お気に入りの器と長く付き合う。当たり前のことですが、その当たり前もちょっとしたことでいい付き合いに変わってきます。ここではそのちょっとしたことをご紹介します。

陶器

器を我が家に迎え入れたとき、まずはひっくり返して底を触ってください。ざらざらしていませんか。特に目の粗い陶器ではつぶつぶとした石や砂が残っていることがあります。その場合はサンドペーパー(#100前後)で磨いてください。そうすることで机などに傷をつけずに使い始められます。
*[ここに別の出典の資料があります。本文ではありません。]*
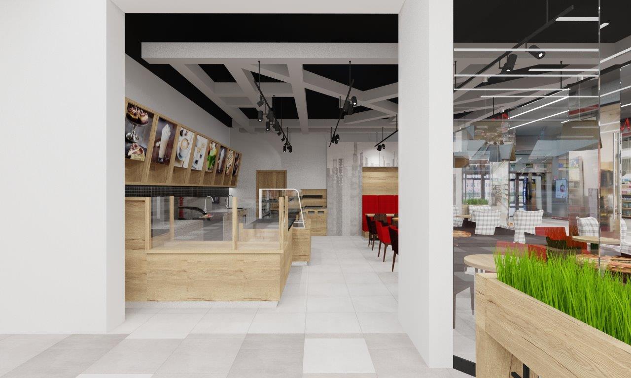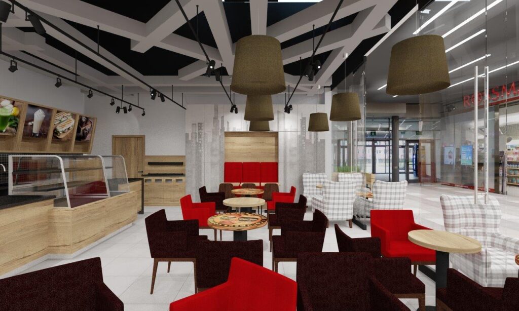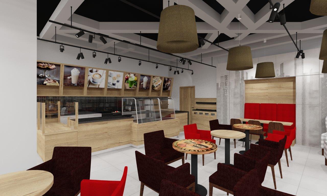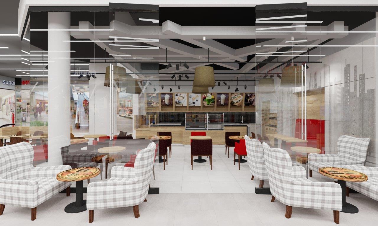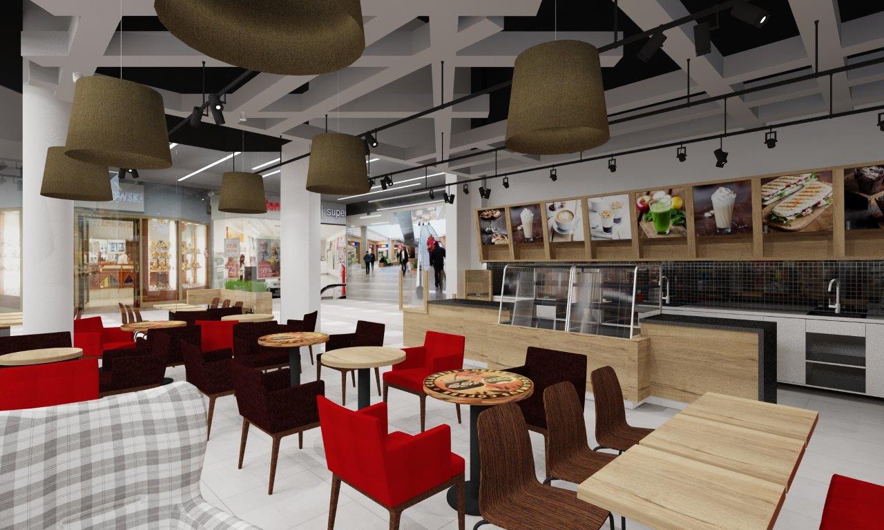 Kawiarnia Columbus Caffee w CH Turzyn w Szczecinie – projekt wnętrz, wizualizacje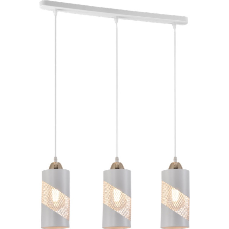 Підвісна люстра V XA3226-3 WH+FGD світильник у дусі лофт, який поєднує строгість індустріального дизайну з благородством золотого акценту. Візуально це проста, але водночас ефектна конструкція: три циліндричні металеві плафони зі сітчастою структурою, пофарбовані в матово-білий колір .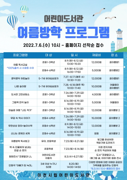 어린이도서관 여름방학 프로그램은 7월 6일 수요일 10시부터 이천시통합도서관 홈페이지를 통해 선착순으로 접수 후 참여할 수 있다.

おろしたての器はいきなり料理を入れないようにしてください。特に油ものやしょう油は要注意です。買ったそのままの状態でいきなり使うと色が染み付いてしまったり油のシミが落ちなくなります。一度水かぬるま湯にくぐらせてください。色移りがなくなり匂い移りもありません。コーヒーなど色の濃い飲み物も同じです。まずはカップを軽くすすいでから使ってください。よく使う器であれば始めの1回水にくぐらせるだけであとはそれほど気にすることはありません。

コラム器の手入れ

温かいお茶を飲むときはやや厚手の陶器がよいです。ちなみにこの湯呑ですが右は新品のもの、左は使って5年が経ったものです。色の違いが分かりますか。「育つ」という表現をしますが、これは湯呑(ゆのみ)にいい表情がついてきた状態を指す言葉です。昔から日本では陶器を育てて愛でてきました。自分が使ってきたことへの愛着と、ともに歩んで渋くいい表情に変わっていく器への愛情です。新しくきれいなものもいいですが、色つやが落ち着き渋みを増した器もいいものです。日本茶の表情、紅茶の表情、コーヒーの表情、それぞれに趣き深いもののはずです。

磁器

しかし、磁器に限ってはこれが言えません。磁器についてしまった渋は白く美しい肌を部分的に汚すだけで美しい変化とは言えないのではないでしょうか。もしカップの底や口のあたりに渋が目立ち始めたら漂白剤に漬けるか重曹をスポンジに付けて軽くこすってください。クレンザーは表面を傷つけ汚れを付着させやすく、また上絵付けの柄を落としてしまう可能性もあるのでおすすめできません。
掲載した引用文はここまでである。